Cet OS est écrit pour un jeu du FoF. Il fallait rédiger quelque chose sur le thème "Forgeron" en une heure. Pour plus de précisions, vous pouvez m'envoyer un MP.

Huhu, me voilà vernie pour rédiger une suite :3


Le chemin menant au pied de la falaise était raide et peu praticable. Le vent glacial soufflait en fortes bourrasques de ce côté-ci et la guerrière épuisée craignait de faire une mauvaise chute. De plus, une brume dense s'était formée en quelques minutes à peine, recouvrant toute la vallée d'une épaisse couverture opaque.

Elle avait résolu que c'était bien trop dangereux. Elle avait préféré rebrousser chemin, rejoindre l'emplacement de son précédent feu de camp. Là, au moins, elle pourrait se reposer un peu en attendant que le vent baisse et que la brume se dissipe. La Messagère d'Emeraude. Le Trône. Vendrick.

La guerrière blonde parcourut donc à nouveau la forêt de troncs noirs aux feuillages hauts. Elle ne croisa que peu d'ennemis, dont une bonne partie de charognards venus se repaître des chairs des bêtes abattues lors de son premier passage. Puis, elle fut enfin au pont de pierres blanches couvertes de mousse et d'herbes sauvages.

Elle était au milieu du pont lorsqu'elle aperçut un point lumineux en contrebas. Elle s'approcha du parapet et se pencha en avant pour mieux scruter cette portion de colline. C'était une petite bâtisse au toit de chaume et, elle pourrait en jurer, de la fumée s'échappait de la cheminée pour se mêler presqu'immédiatement aux nuages bas.

Vu son emplacement, il n'était pas surprenant que ça lui ait échappé lorsqu'elle était passée en sens inverse. Il fallait qu'elle aille voir de plus près. Chaque petit endroit pouvait avoir son importance, elle l'avait compris bien assez tôt, et, si on n'était jamais à l'abri d'un piège vicieux, les artefacts et matériaux disséminés çà et là, laissés à l'abandon par leurs précédents propriétaires, en valaient souvent la chandelle.

C'est ainsi qu'elle se retrouva à marcher à pas lents sur un mince chemin de terre qui zigzaguait entre des arbres noueux et des bosquets d'épines. Une carcasse pouvait surgir à n'importe quel moment. La guerrière progressait prudemment, bouclier levé devant elle, prête à frapper le moindre ennemi qui viendrait attenter à sa vie. Et ce faisant, elle continuait à se répéter les mêmes mots. La Messagère d'Emeraude. Le Trône. Vendrick.

Finalement, lorsqu'elle fut sur le pas de la porte, elle n'avait pas croisé âme qui vive. Elle en était si surprise que la terreur de se faire surprendre ne cessait de croitre en elle. Elle s'efforça néanmoins de garder son sang-froid en respirant lentement.

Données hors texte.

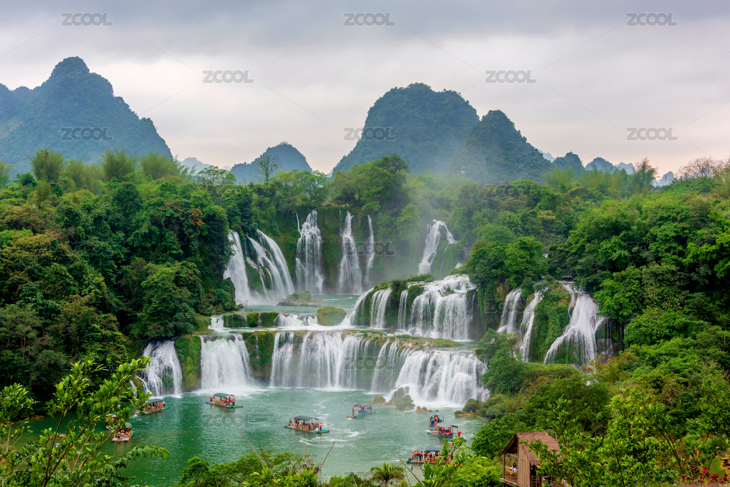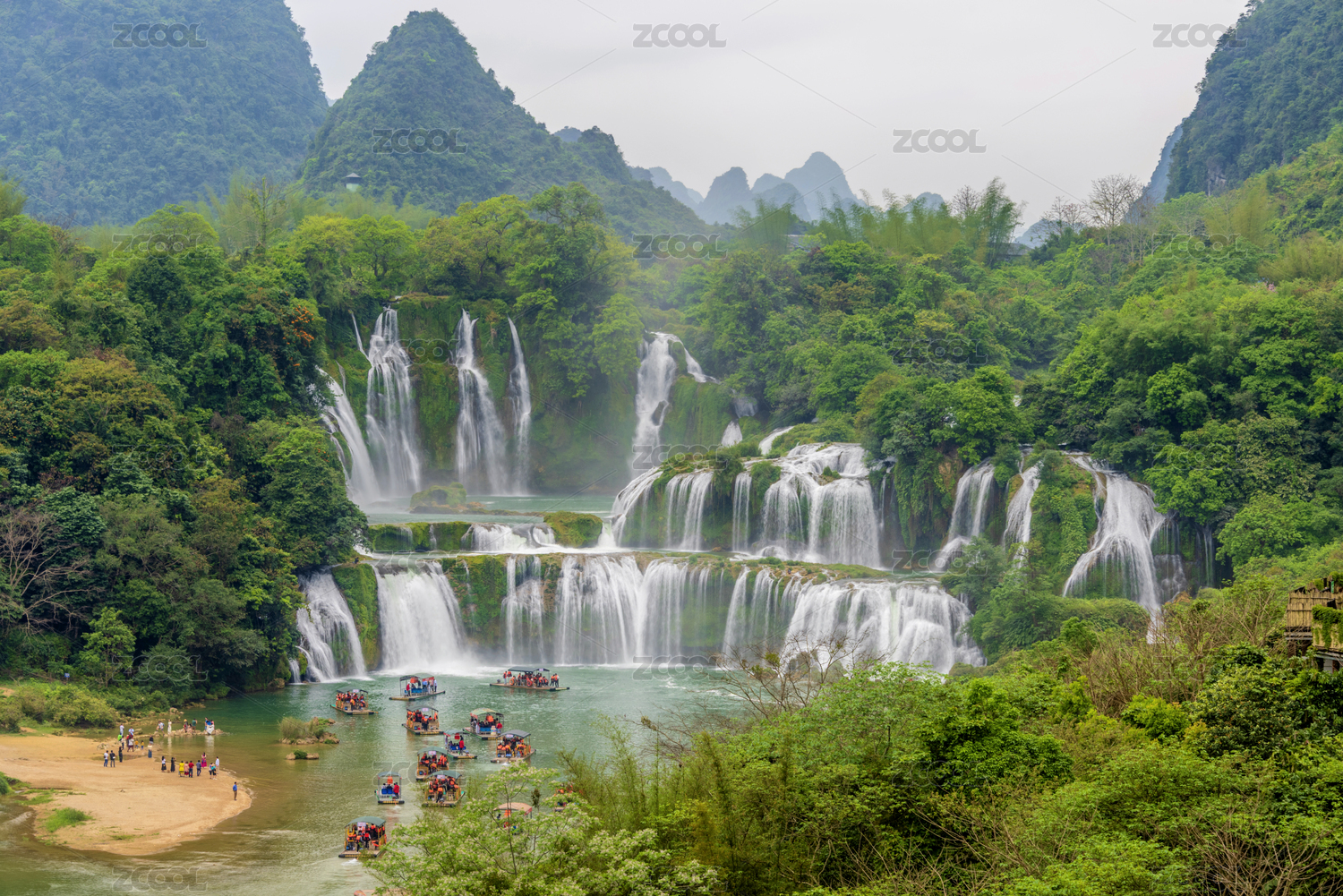 中国广西省崇左市边境跨国德天瀑布阴天景色

Après avoir vérifié une dernière fois les environs, elle enfonça la porte de bois moisi d'un violent coup de pied. Lorsque la sciure fut retombée, elle tenait en joue un homme gigantesque à la barbe drue impressionnante. Ses yeux caverneux, enfoncés dans leurs orbites, la contemplait avec une surprise teintée d'une forte dose de mélancolie. Il n'avait pas l'air agressif.

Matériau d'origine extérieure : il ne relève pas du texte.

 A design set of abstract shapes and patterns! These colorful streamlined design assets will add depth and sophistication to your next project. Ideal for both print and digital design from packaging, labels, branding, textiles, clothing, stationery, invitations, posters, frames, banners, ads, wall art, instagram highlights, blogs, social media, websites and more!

La guerrière baissa lentement son bouclier et lui jeta un regard interrogatif. Elle avait trop soif pour seulement essayer de parler.

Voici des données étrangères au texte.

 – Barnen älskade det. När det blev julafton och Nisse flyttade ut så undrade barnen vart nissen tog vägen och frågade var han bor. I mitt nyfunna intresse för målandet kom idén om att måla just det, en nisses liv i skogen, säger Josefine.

- Bonjour, fit le géant d'une voix profond et lente en ouvrant ses larges mains, ça fait longtemps que je n'avais vu personne ici. Bienvenue.

Il inclina légèrement la tête et lui désigna l'intérieur de la maisonnette. En un coup d'œil, elle put voir une enclume gigantesque ainsi qu'une palanquée d'outils de forge de taille imposante.

- Je suis Polyf et je suis forgeron, ajouta-t-il. Peut-être puis-je faire quelque chose pour vous ?

Il se leva et frotta son tablier. La guerrière eut l'impression qu'il brossait des années de poussière accumulée. La tête du géant frôlait les poutres de la chaumière alors qu'il se dirigeait vers son atelier. Alors que la femme entrait et s'asseyait sur le siège laissé libre, le Polyf allumait un feu dans la cheminée, à grands gestes lents mais précis.

Le feu ne fut bien chaud que quelques heures plus tard, heures pendant lesquelles le forgeron travaillait ses outils sans un mot. La femme lui en était reconnaissante, elle n'avait pas envie de discuter. Sans cesse, elle se répétait les mêmes mots. La Messagère d'Emeraude. Le Trône. Vendrick.

Elle dormirait ici cette nuit. Demain, elle reprendrait sa route.